Question

A manufacturer of breakfast cereal makes two claims concerning the
weight of the packets they produce. The manufacturer claims that
a) The mean is 200g
b) The variance is 0.8g2.
Answer the following questions.
1. To investigate the claims, the weight of a sample of packets
produced in a given shift was measured. The values found are
listed in part (a) of ‘Dataset’, with grams (g) as the unit
of measurement. Carry out appropriate statistical tests on claims (a)
and (b).
2. Several weeks later, a smaller sample of packets as taken and their
weight was measured; the data is listed in part (b) of
‘Dataset’, with grams (g) as the unit of measurement.

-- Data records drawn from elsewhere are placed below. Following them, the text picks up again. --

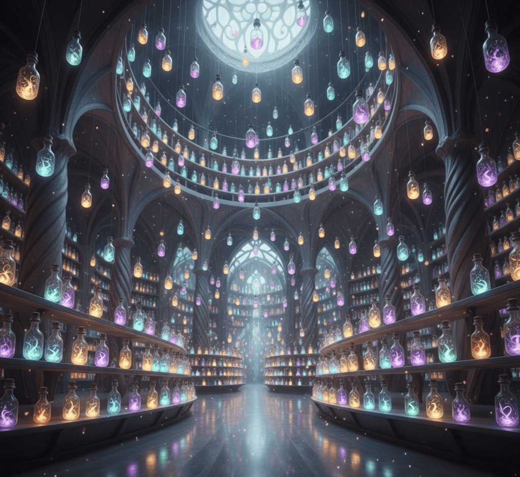 Its halls curve like tree roots. And in one grand chamber lies her dream gallery. Thousands of crystal bottles float in the air. Some hum with a soft sound. Others glitter with a light that never dims.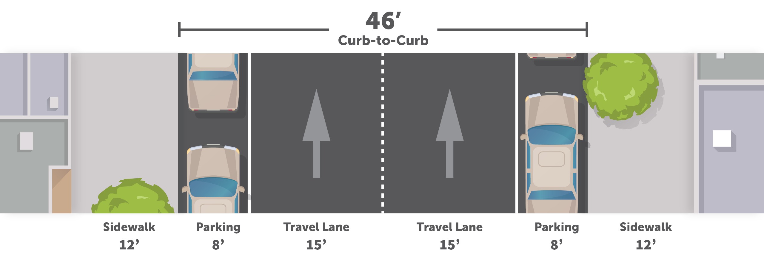 - The proposed street configuration for two distinct segments of the corridor.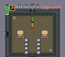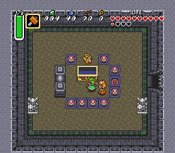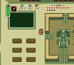 下一个迷宫位于黑暗世界西部的流放者村庄,对应光明世界中的卡卡利科村的位置。即使拥有火焰杖,也没有新的支线任务可做,因此我们可以直接前往下一个迷宫。
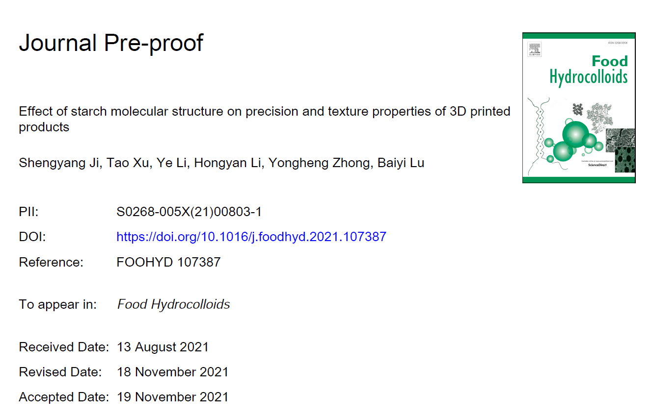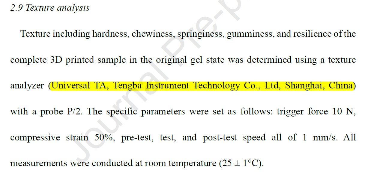 近日,浙江大学研究人员在国际食品期刊《Food Hydrocolloids》(IF=9.147)在线发表了题为“Effect of starch molecular structure on precision and texture properties of 3D printed products"的研究论文。在该论文中,研究人员使用上海腾拔Universal TA研究型质构仪测定3D打印样品的硬度、咀嚼性、弹性和回复性等指标。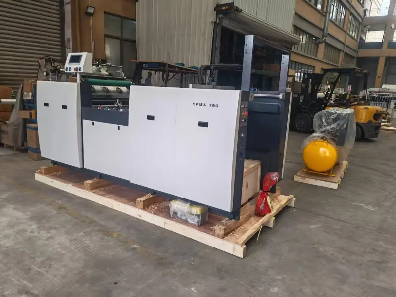 YFMA-760'ı paketliyoruzOtomatik Ön Kaplama Laminasyon Makinesi, Son olarak ahşap bir sandıkta paketlenecektir.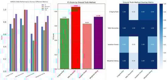 The comprehensive comparison across different ground truth methods is further reinforced by Figure 7, which expands the evaluation of HIPER-CHAD’s performance in multivariate anomaly detection. It visualizes numerical metrics under each ground truth scenario using bar charts that facilitate direct comparison. The heat map of the ground truth method overlays provides quantitative evidence of label consistency. It shows a high level of agreement (similarity index close to 1.0) between statistical methods such as the 3-Sigma Rule and the 99th Percentile, indicating a strong consensus on what is considered a true anomaly. The overlap matrix yields a 1.0 similarity between the 99th Percentile method and all other ground truth definitions. It might be due to class cardinality based on Figure 2: the 99th percentile produces the fewest number of anomaly labels (36 anomalies), all of which are also detected by the larger anomaly sets from the 3-Sigma Rule (114 anomalies), Isolation Forest (179 anomalies), and Weighted Voting (107 anomalies). Therefore, the overlap is not an artefact, but rather a natural result of a conservative labeling scheme, in which the detected anomalies form a strict subset of other strategies.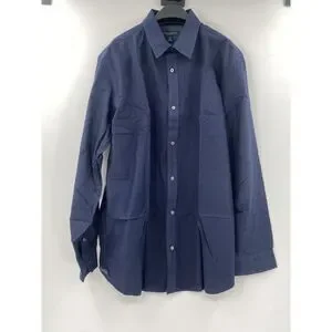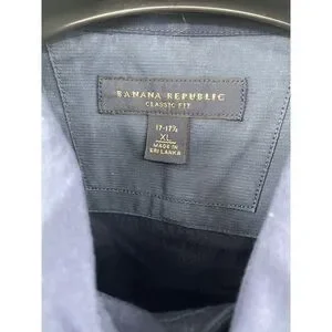 Banana Republic Dress Shirt Navy Classic Fit Guayabera Long Sleeve XL 17/ 17.5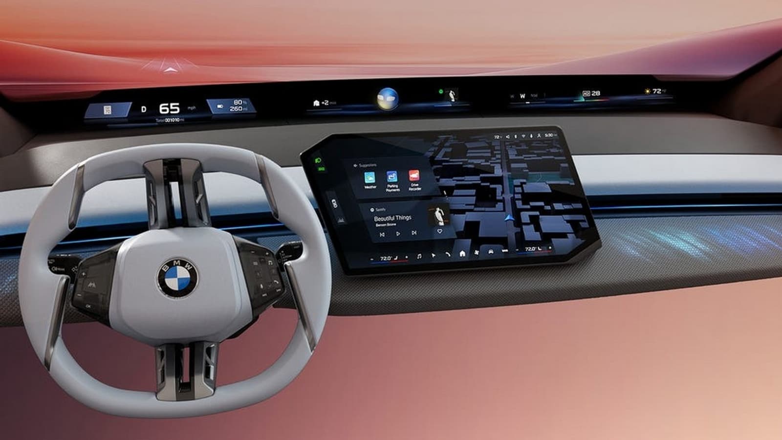 Система получила название BMW Panoramic iDrive. Как и в концепт-каре, новая система оснащена панорамным дисплеем, охватывающим всю приборную панель, в сочетании с центральным экраном и опциональным проекционным дисплеем на лобовом стекле. Компания описывает многофункциональное рулевое колесо как новую часть системы благодаря добавленной тактильной чувствительности.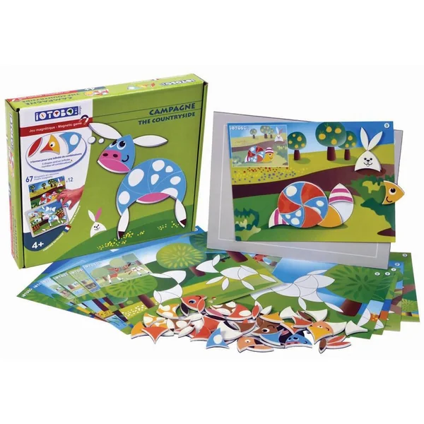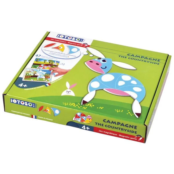 Vache, lapin, poney. Une Campagne très animée et colorée comme une promenade en été ! Des teintes vives, des magnets en grand nombre, 2 niveaux de jeu pour inventer une nature étonnante avec iOTOBO !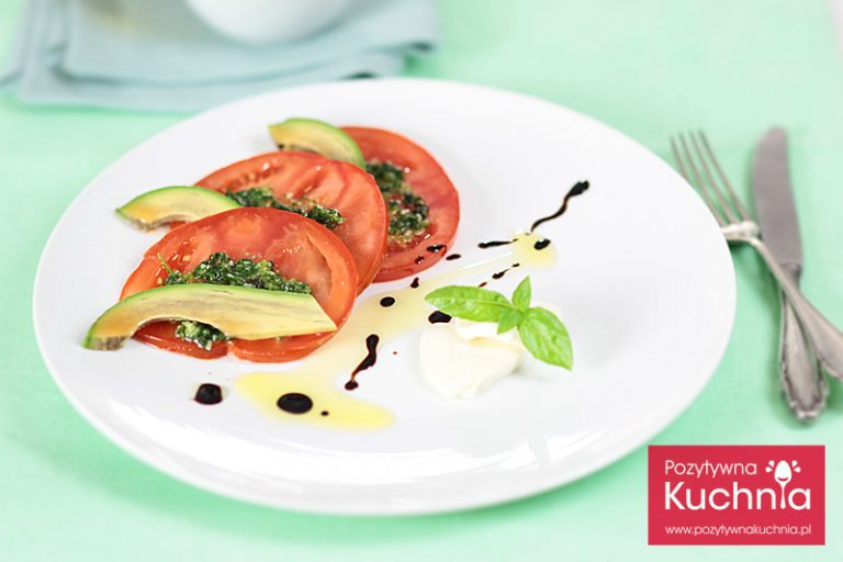 • Pomidora smaruję pesto i razem z awokado i mozzarellą układam dekoracyjnie na talerzu. Skrapiam octem winnym lub balsamicznym.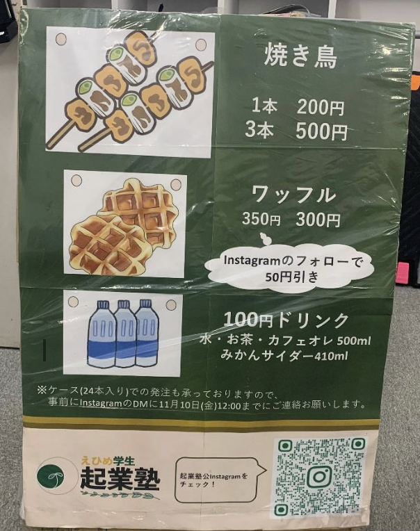 2023年11月11日(土)12日(日)に行われた愛媛大学の学生祭に飲食出店を行いました。学生祭プロジェクトは5月末から動いており、起業塾5期生11名で約半年間、様々な準備を行ってきました。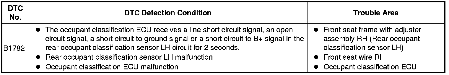 DTC B1782 is recorded when a malfunction is detected in the rear occupant classification sensor LH circuit.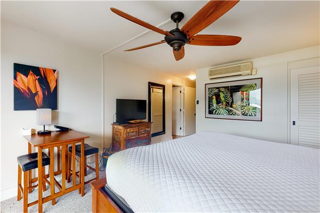 4204 airconditioning, king bed, full bathroom with tub and shower, TV, mini fridge, coffee maker, private entrance and lanai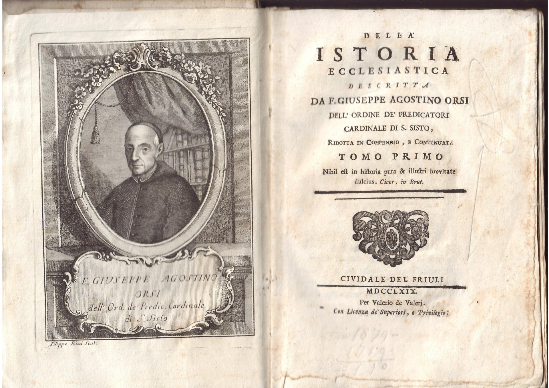 DELLA ISTORIA ECCLESIASTICA DESCRITTA DA F. GIUSEPPE AGOSTINO ORSI - TOMO PRIMO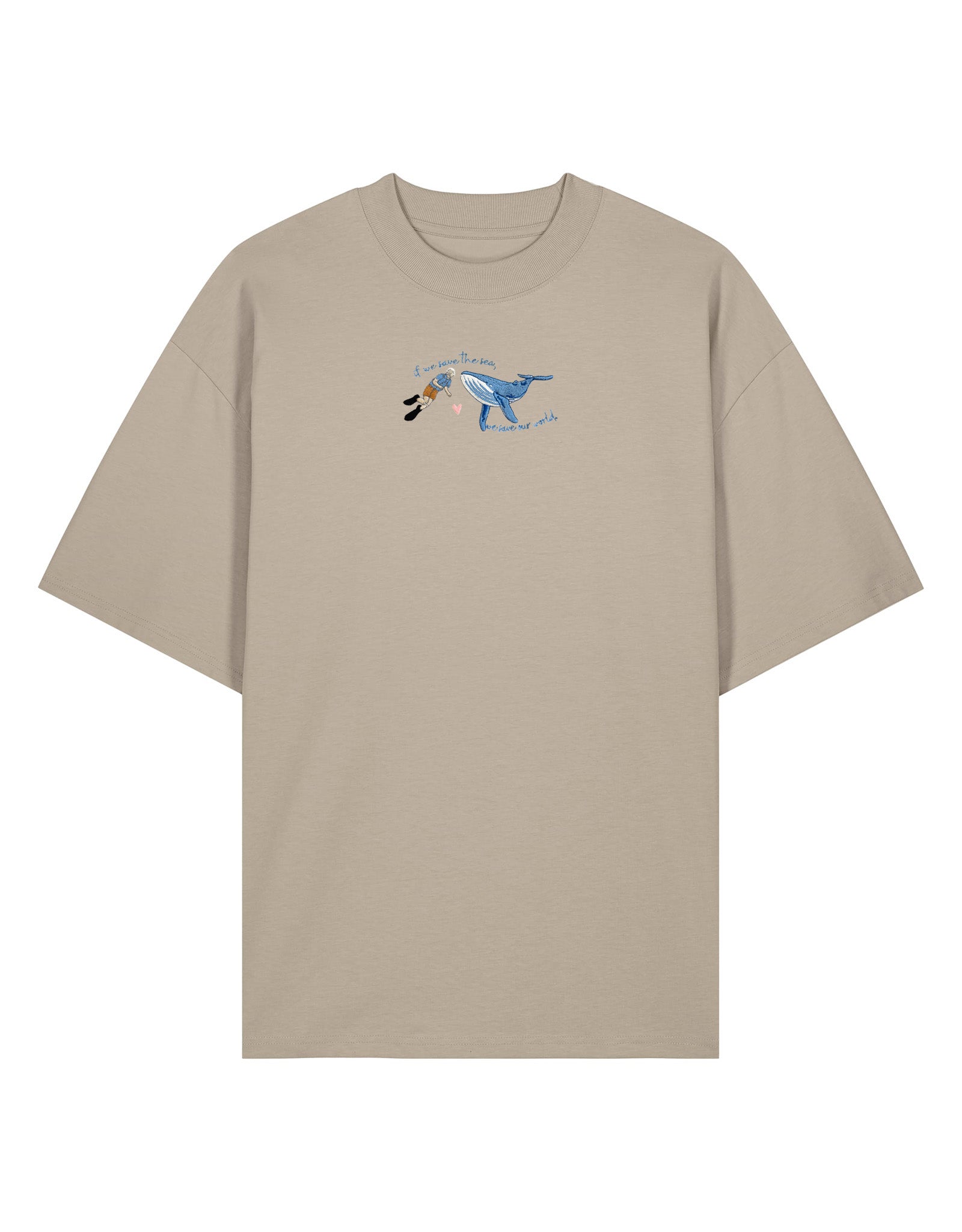 A relaxed oversized fit meets premium embroidered detail. Our David Attenborough inspired, Save The Sea design is stitched on the front for a clean, elevated finish. Made from soft organic cotton for all-day comfort. Designed to feel effortless and timeless. Comfort and craftsmanship combined.

Use this
data to construct confidence intervals for the mean and variance of
the variable ‘W’, the weight of a packet of cereal.
3. Identify any issues with adding the second set of data to the first
and ‘updating’ the results of part 1.

Part (a)
208.06	201.19	205.61	200.88	194.48	196.53
206.21	200.82	205.86	199.82	196.54	198.60
204.72	197.88	204.67	200.72	199.07	195.57
202.28	197.28	201.27	197.73	195.89	198.16
202.63	198.48	198.34	201.29	194.63	199.24
204.83	196.14	201.12	198.10	191.65	198.96
206.69	198.17	203.46	196.92	195.06	199.44
Part (b)
207.94	199.36	201.16	193.67	196.07	202.28
204.64	202.77	202.33	192.26	199.62	202.93

Answer 1

2. 95% Confidence Interval for the mean of the packets of part (b) is:

	Part B
count	12
mean	200.4192
sample standard deviation	4.5394
sample variance	20.6064
minimum	192.26
maximum	207.94
range	15.68
confidence interval 95.% lower	197.8508
confidence interval 95.% upper	202.9875
margin of error	2.5684
z	1.96

3. As we can see that the mean for the part (b) is more than 200g and if it is added to the data of part (a), it can change the mean of the part (a) which violates its satisfiability of mean of 200g.